Note that it was whitespace damaged, find below a tidied up version of 
the patch that i've applied to tip/out-of-tree.

	Ingo

----------------------->
commit 2f77dd3a3b5c3a27298fa0a09d8703c09c633fc6
Author: Ian Schram <ischram@telenet.be>
Date:   Mon Jul 21 20:18:25 2008 +0200

    mac80211_hwsim.c: fix: BUG: unable to handle kernel NULL pointer dereference at 0000000000000370
    
    I was looking at this out of interest, but I'm in no way familiar with
    the code.
    
    Looks to me that the error handling code in mac80211_hwsim is awkward.
    Which leads to it calling ieee80211_unregister_hw even when
    ieee80211_register_hw failed.
    
    The function has a for loop where it generates all simulated radios.
    when something fails, the error handling will call mac80211_hwsim_free
    which frees all simulated radios who's pointer isn't zero.
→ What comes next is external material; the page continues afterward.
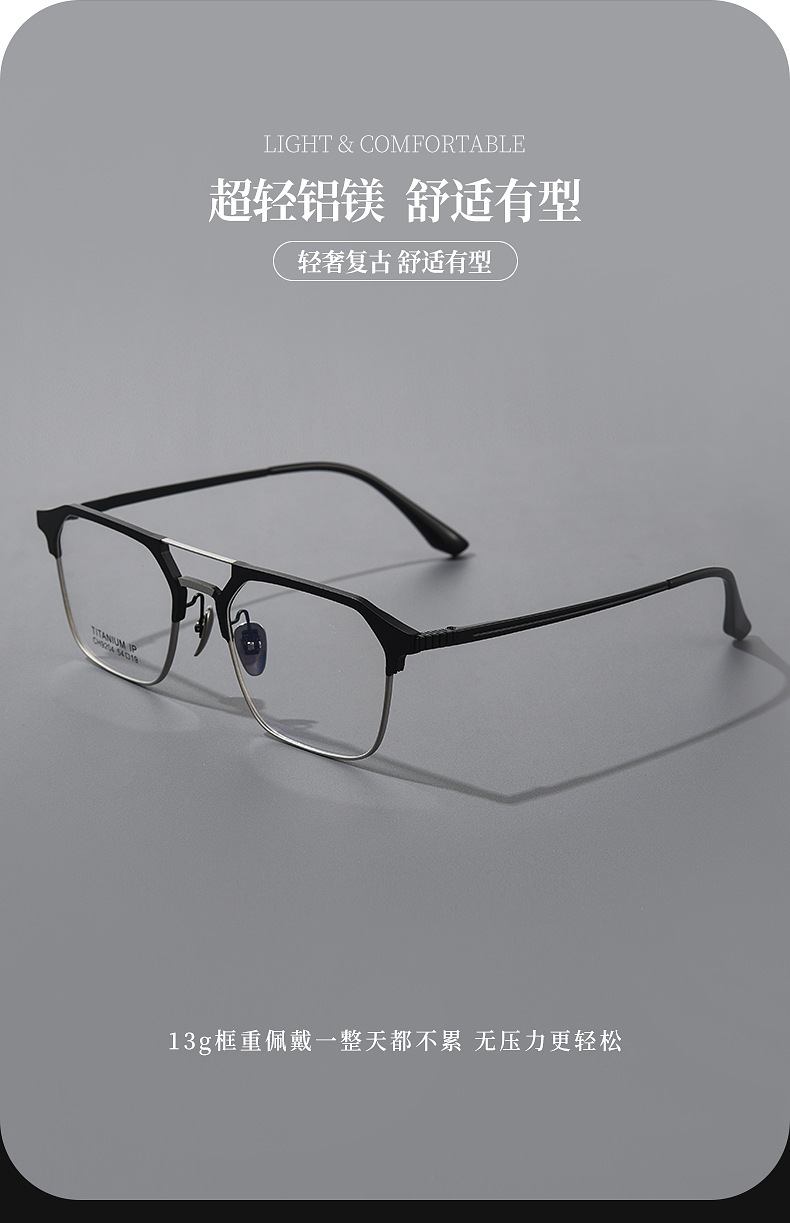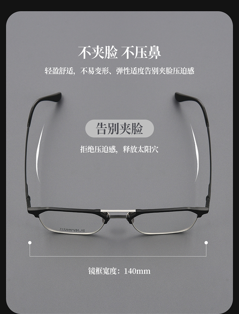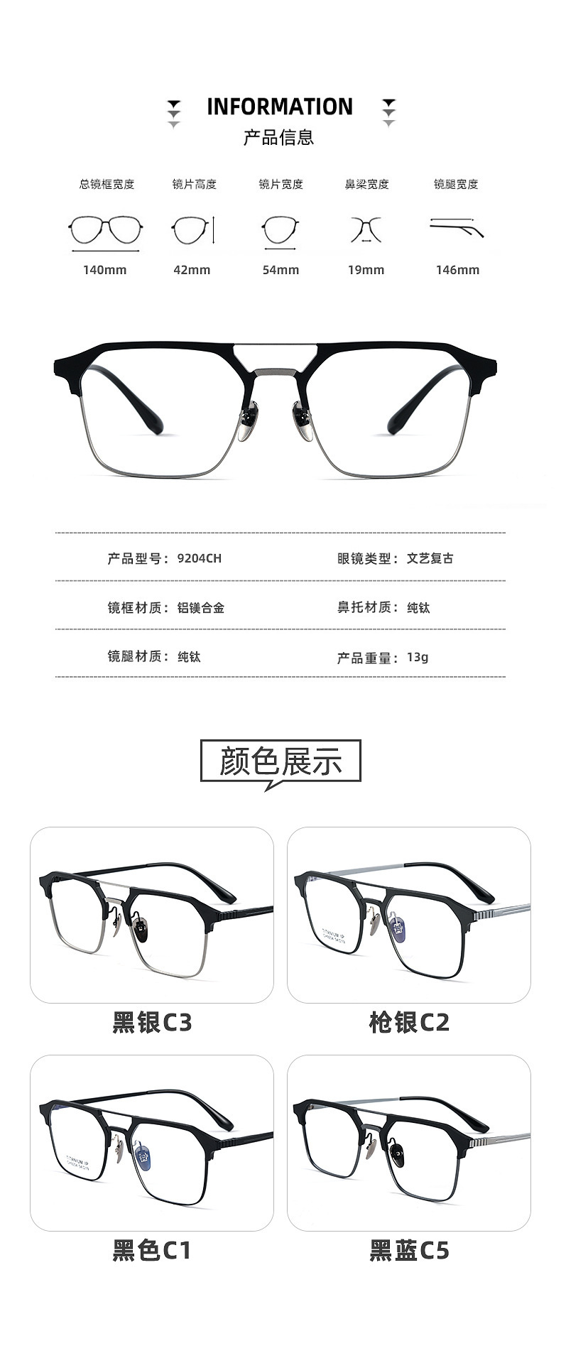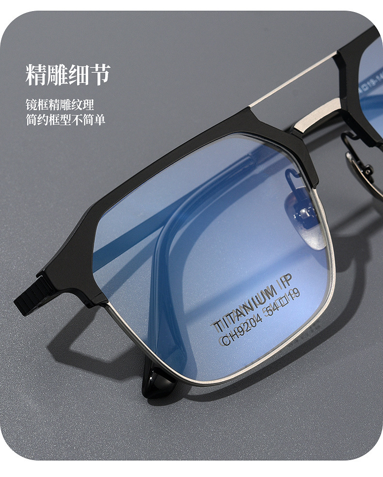 新品bsf9204chチタンメガネフレームビジネス纯粋なチタンメガネフレームダブル梁レトロ近视メガネ男

However the
    information stored is insufficient to determine whether or not the call
    to ieee80211_register_hw succeeded or not for a specific radio. The
    included patch makes init_mac80211_hwsim clean up the current simulated
    radio, and then calls into mac80211_hwsim_free to clean up all the
    radios that did succeed.
    
    This however doesn't explain why the rate control registration failed..
    build tested this, but had some problems reproducing the original
    problem.
    
    Signed-off-by: Ian Schram <ischram@telenet.be>
    Signed-off-by: Ingo Molnar <mingo@elte.hu>
---
 drivers/net/wireless/mac80211_hwsim.c |   18 ++++++++++++------
 1 files changed, 12 insertions(+), 6 deletions(-)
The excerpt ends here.